Input for this task -
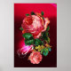 Elegante, colorido design floral estilo vintage, rosa repolho rosa em fundo burgundy vermelho..
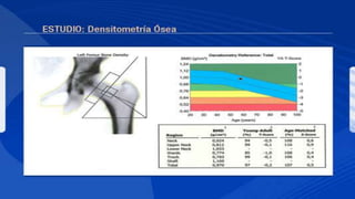 La densitometría ósea es la técnica diagnóstica de elección para evaluar el riesgo de osteoporosis y fracturas. El documento explica que la densitometría ósea mide la densidad mineral ósea del fémur y la columna lumbar de manera no invasiva y precisa. El valor clave es el T-Score, que indica la desviación del valor de la densidad ósea de una persona en comparación con el promedio de personas jóvenes sanas, y se usa para estratificar el riesgo de fractura según los criterios de la
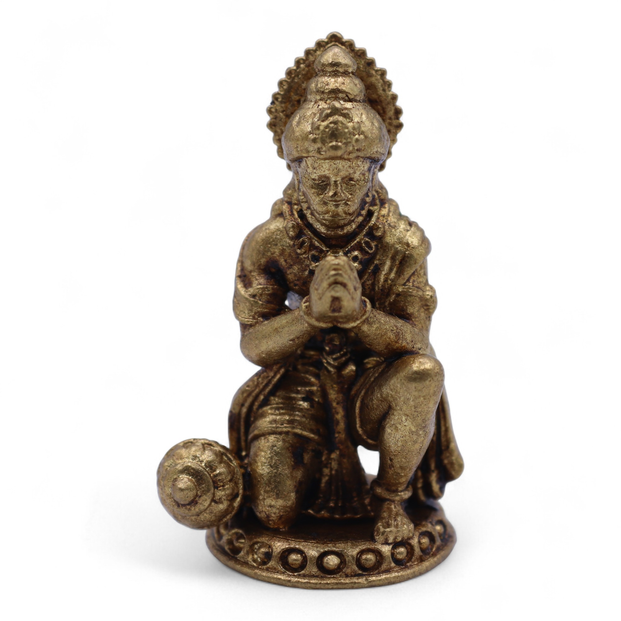 Questa miniatura in ottone raffigura Hanuman, una delle divinità più amate e venerate dell’induismo, simbolo di forza, protezione, coraggio e dedizione. Qualità che molti clienti cercano nei loro oggetti spirituali.
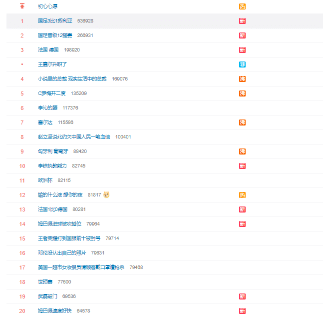 这样我们就看到了很“罕见”的一幕,那就是足球统治了热搜榜,在热搜榜的前20名占据超过一半,其中国足击败叙利亚和晋级12强赛的相关话题稳居前列,热度要比欧洲杯赛场上德国队0-1不敌法国队和C罗梅开二度带领葡萄牙队获胜的热度高。
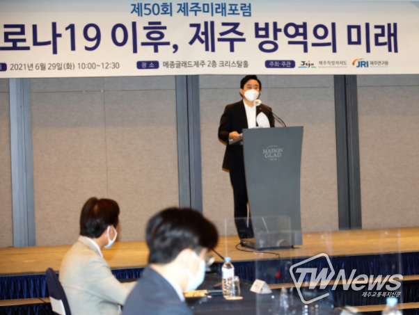 원희룡 지사는 29일 메종글래드 2층 크리스탈홀에서 열린 ‘제50회 제주미래포럼’에서 기조사를 통해 코로나19 방역 최전선에서 느낀 방역 교훈을 공유하는 한편, 미래 방역의 발전 방향에 대한 의견을 제시했다.
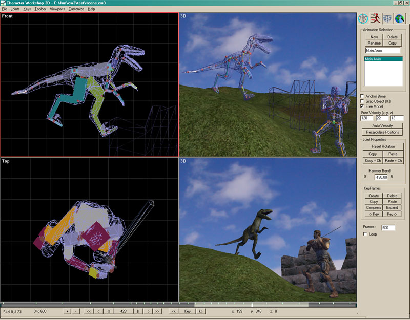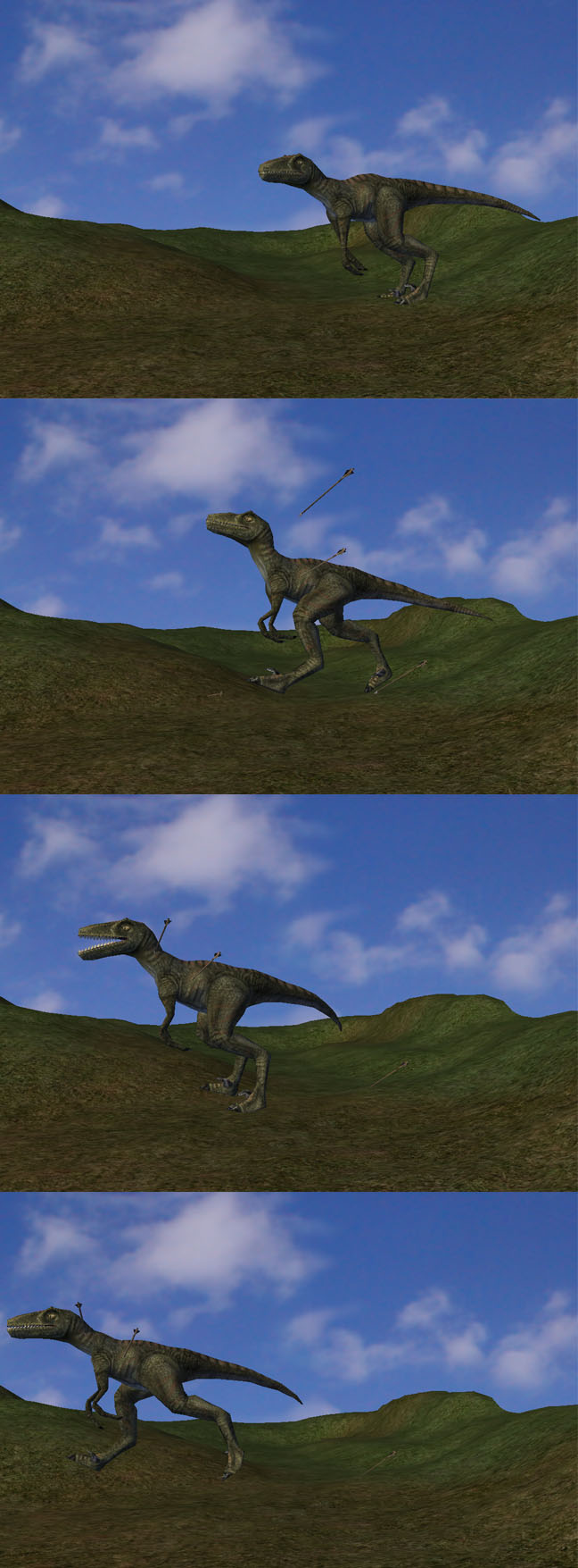None of this is complete, but some parts are closer than others. I've never done any serious animation work before, and I'm still learning how create good animations, but I'm getting much better. The high-res Raptor mesh is just a smoothed low-res one, the warrior has a more developed but still unfinished high-res model. The backgrounds are a bit sparse right now for lack of available art. The sky in particular is just one unchanging 2D texture map, need to update that soon.
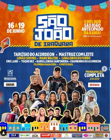 A programação completa do São João de Iraquara 2023 já está disponível. Veja abaixo as atrações confirmadas.
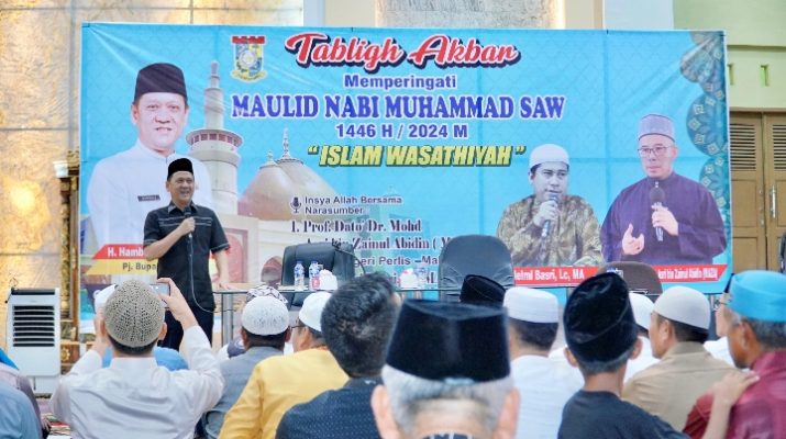 Mataaura.com-BANGKINANG KOTA – Pj. Bupati Kampar Hambali, SE, MH beserta Pj. Ketua TP PKK Kabupaten Kampar Ricana Djayanti Hambali menghadiri Tabligh Akbar dalam
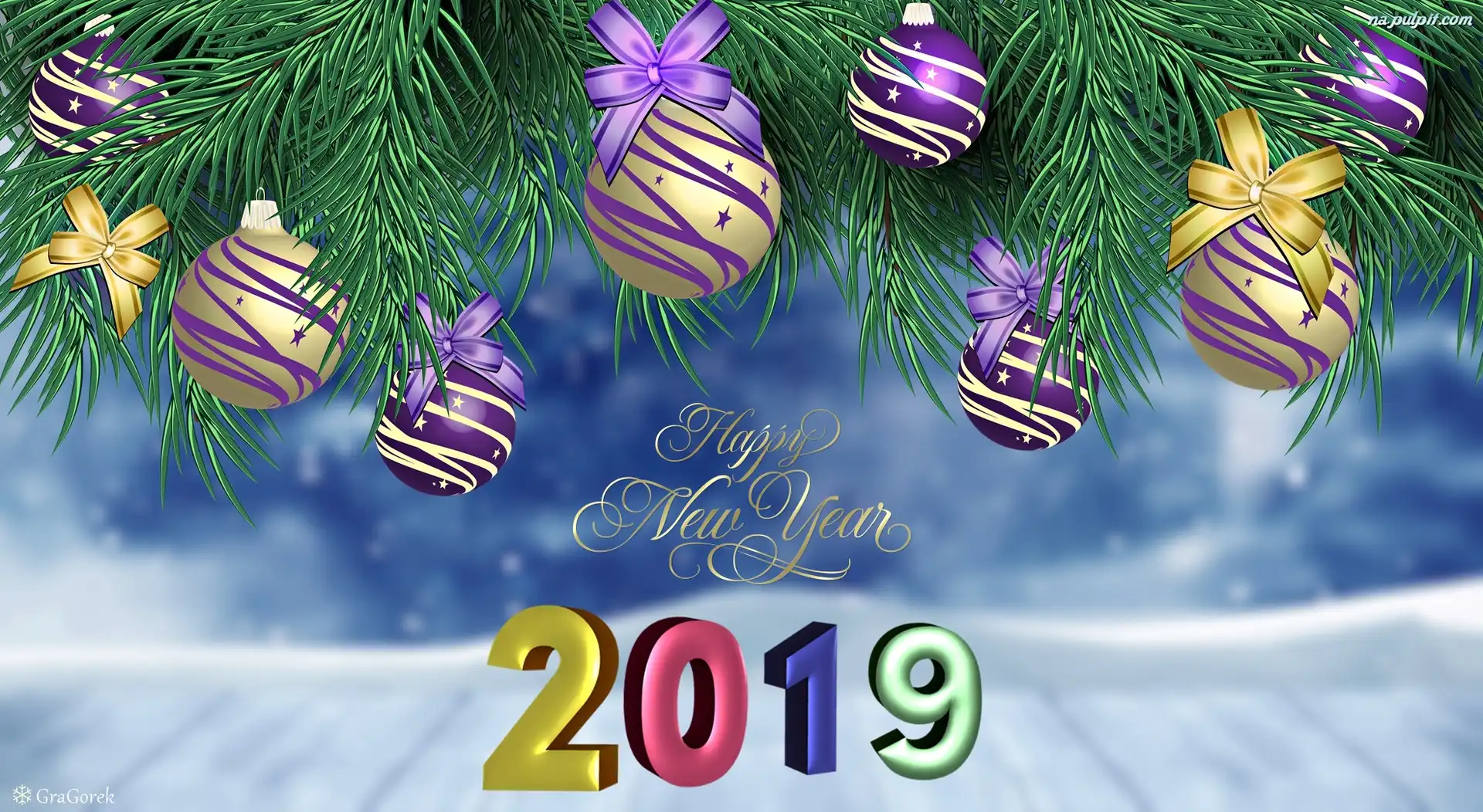 2019, Świerk, Grafika, Bombki, Nowy Rok, Gałązki
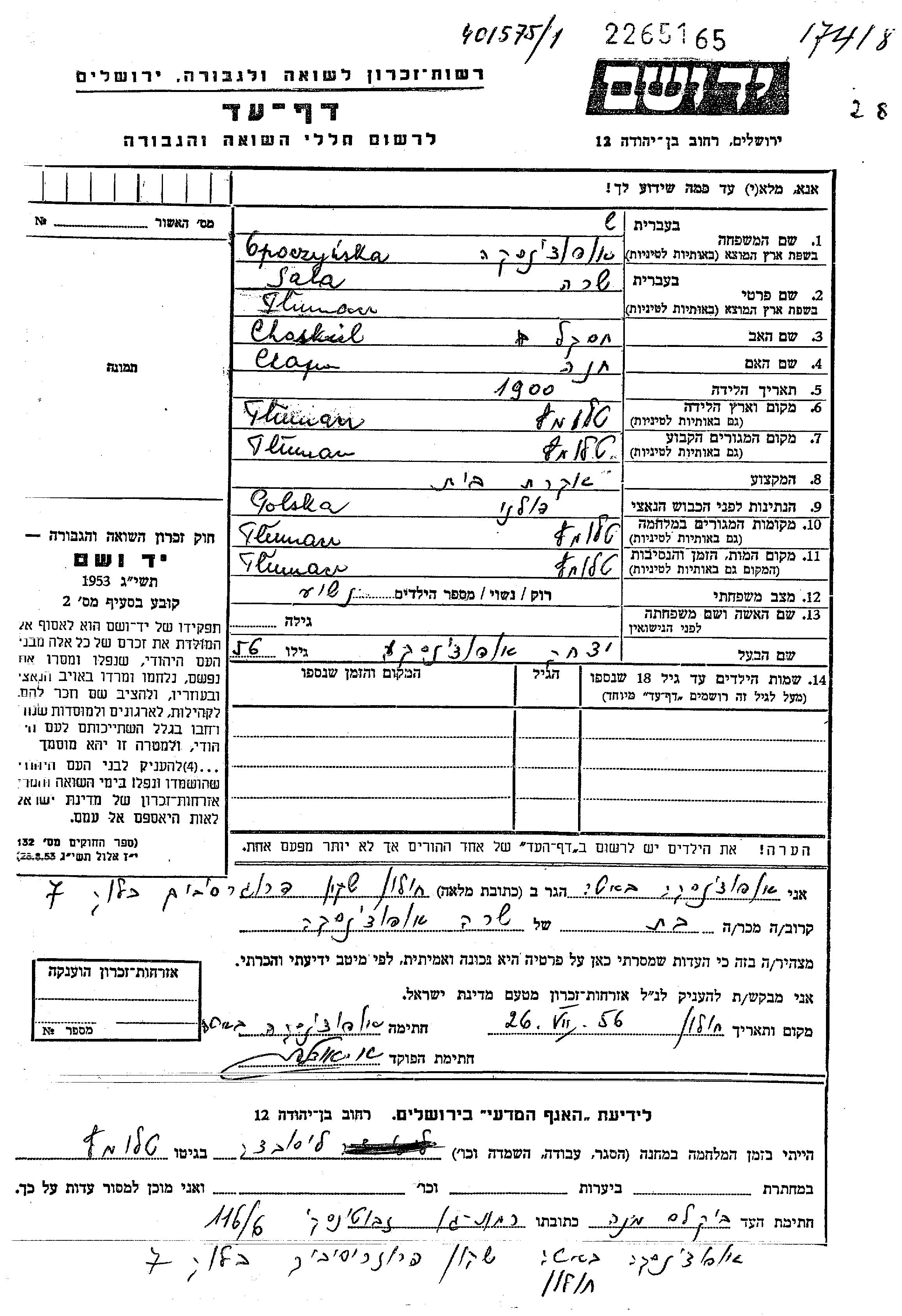 Sala Sara Opoczynski wurde im Jahr 1900 in Tlumacz, Polen geboren. Sie war die Tochter von Chaskiel und Khana. Sie war Hausfrau und mit Ytzkhak Verheiratet. Vor dem Zweiten Weltkrieg lebte sie in Tlumacz, Polen. Während des Krieges war sie in Tlumacz, Polen.
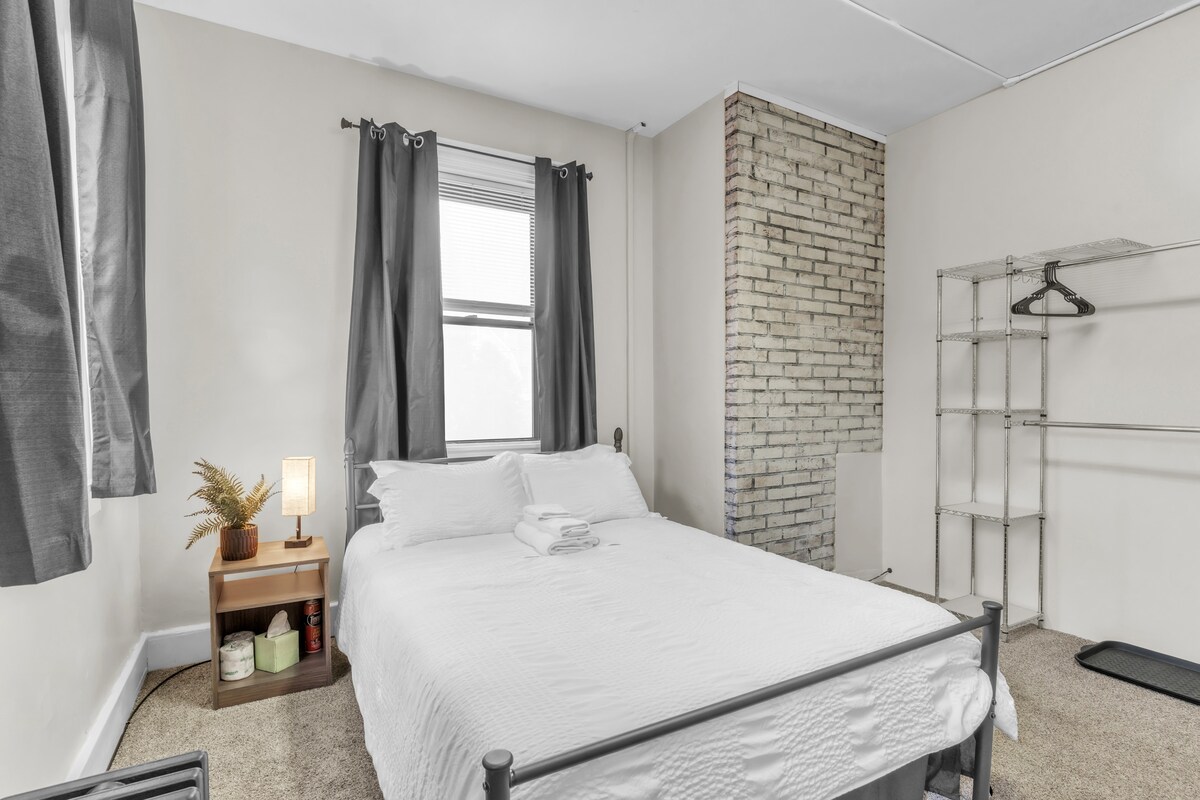 全新、明亮、乾淨!位於賓夕法尼亞州丹維爾市中心的公司商旅住宿。入住前或住宿期間可隨時取消預訂。專為旅行護士、醫生、合約工人和醫學生設計-配有密碼鎖的獨立臥室、公共區域廚房、浴室、客廳、露臺、洗衣房。全包式,配備WiFi、每間房間配備電視、標準雙人床。最少住宿1週。所有房間都有密碼鎖。請自備床單和寢具-免費洗衣。

Work request - Without including any pictures, return every line of the records exactly.

Response to this exercise -
 Elegante, colorido design floral estilo vintage, rosa repolho rosa em fundo burgundy vermelho..
 La densitometría ósea es la técnica diagnóstica de elección para evaluar el riesgo de osteoporosis y fracturas. El documento explica que la densitometría ósea mide la densidad mineral ósea del fémur y la columna lumbar de manera no invasiva y precisa. El valor clave es el T-Score, que indica la desviación del valor de la densidad ósea de una persona en comparación con el promedio de personas jóvenes sanas, y se usa para estratificar el riesgo de fractura según los criterios de la
 Questa miniatura in ottone raffigura Hanuman, una delle divinità più amate e venerate dell’induismo, simbolo di forza, protezione, coraggio e dedizione. Qualità che molti clienti cercano nei loro oggetti spirituali.
 这样我们就看到了很“罕见”的一幕,那就是足球统治了热搜榜,在热搜榜的前20名占据超过一半,其中国足击败叙利亚和晋级12强赛的相关话题稳居前列,热度要比欧洲杯赛场上德国队0-1不敌法国队和C罗梅开二度带领葡萄牙队获胜的热度高。
 원희룡 지사는 29일 메종글래드 2층 크리스탈홀에서 열린 ‘제50회 제주미래포럼’에서 기조사를 통해 코로나19 방역 최전선에서 느낀 방역 교훈을 공유하는 한편, 미래 방역의 발전 방향에 대한 의견을 제시했다.
None of this is complete, but some parts are closer than others. I've never done any serious animation work before, and I'm still learning how create good animations, but I'm getting much better. The high-res Raptor mesh is just a smoothed low-res one, the warrior has a more developed but still unfinished high-res model. The backgrounds are a bit sparse right now for lack of available art. The sky in particular is just one unchanging 2D texture map, need to update that soon.
 A programação completa do São João de Iraquara 2023 já está disponível. Veja abaixo as atrações confirmadas.
 Mataaura.com-BANGKINANG KOTA – Pj. Bupati Kampar Hambali, SE, MH beserta Pj. Ketua TP PKK Kabupaten Kampar Ricana Djayanti Hambali menghadiri Tabligh Akbar dalam
 2019, Świerk, Grafika, Bombki, Nowy Rok, Gałązki
 Sala Sara Opoczynski wurde im Jahr 1900 in Tlumacz, Polen geboren. Sie war die Tochter von Chaskiel und Khana. Sie war Hausfrau und mit Ytzkhak Verheiratet. Vor dem Zweiten Weltkrieg lebte sie in Tlumacz, Polen. Während des Krieges war sie in Tlumacz, Polen.
 全新、明亮、乾淨!位於賓夕法尼亞州丹維爾市中心的公司商旅住宿。入住前或住宿期間可隨時取消預訂。專為旅行護士、醫生、合約工人和醫學生設計-配有密碼鎖的獨立臥室、公共區域廚房、浴室、客廳、露臺、洗衣房。全包式,配備WiFi、每間房間配備電視、標準雙人床。最少住宿1週。所有房間都有密碼鎖。請自備床單和寢具-免費洗衣。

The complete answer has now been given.